In many cases, carriers are adopting an assumptive notification for this by sending you a message to advise that a SIM transfer has been requested and is about to go through. The transfer automatically proceeds if you don’t respond within a set timeframe. That’s a step in the right direction, but it only works if you catch it quickly.

The best way to protect your personal data against SIM swap attacks is to remove your SIM card from the equation. Avoid using your phone number as a second factor or a password reset fallback as much as possible. Most services will let you use two-factor authentication apps that generate a login code on your iPhone or even your Apple Watch, and password resets are better done by email than SMS (provided your email account is secure, of course).

If you want to be sure that password resets won’t go to your phone, try removing your phone number from your profile entirely on critical services like banking and email. If they don’t have your number, they can’t use it to send you a text message even if they want to. As a bonus, you can also be confident that any texts you receive that claim to be from these companies are much more likely to be scams.

It’s also a good idea to contact your carrier and ask about additional protection they can add to your account. Verizon has a Number Lock option that you can turn on right in the MyVerizon app, while T-Mobile’s similar SIM Protection will require a visit to your account settings.

Although T-Mobile says that “SIM protection does not prevent eSIM transfer on Apple devices,” it adds that this is “due to the extensive security steps already included in that process.” An iPhone eSIM transfer can’t be conducted remotely; it requires both iPhones to be in close proximity and needs to be authenticated with Face ID, Touch ID, or a password.

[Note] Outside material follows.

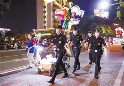 上杭公安民警在街上巡逻。通讯员 杭公 摄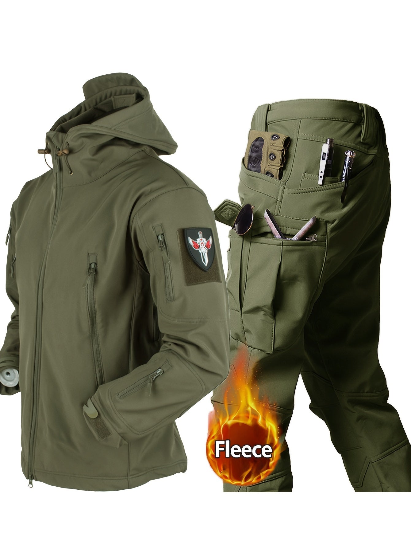 2er-Set Tarnmuster Softshell-Jacken mit Kapuze und Sharkskin-Arbeits-Cargohosen - Trainingsanzüge für Männer mit Mehreren Taschen, Winddicht und im Outdoor-Militärstil

This makes for another good reason to use an eSIM instead of a physical SIM in your iPhone. All models from the iPhone XS/XR onward support eSIM, and all major US carriers make it easy to transfer to an eSIM right on your device. If you lose your iPhone, anyone who picks it up can pop out a physical SIM card and insert it into any other phone to place calls and send and receive SMS messages using your phone number. Setting up a PIN code on your SIM card can protect against that, but it’s much better to simply switch to an eSIM.

An eSIM can’t realistically be removed and it’s protected by your iPhone’s security. Plus, if you remote wipe your iPhone, the eSIM gets wiped along with it.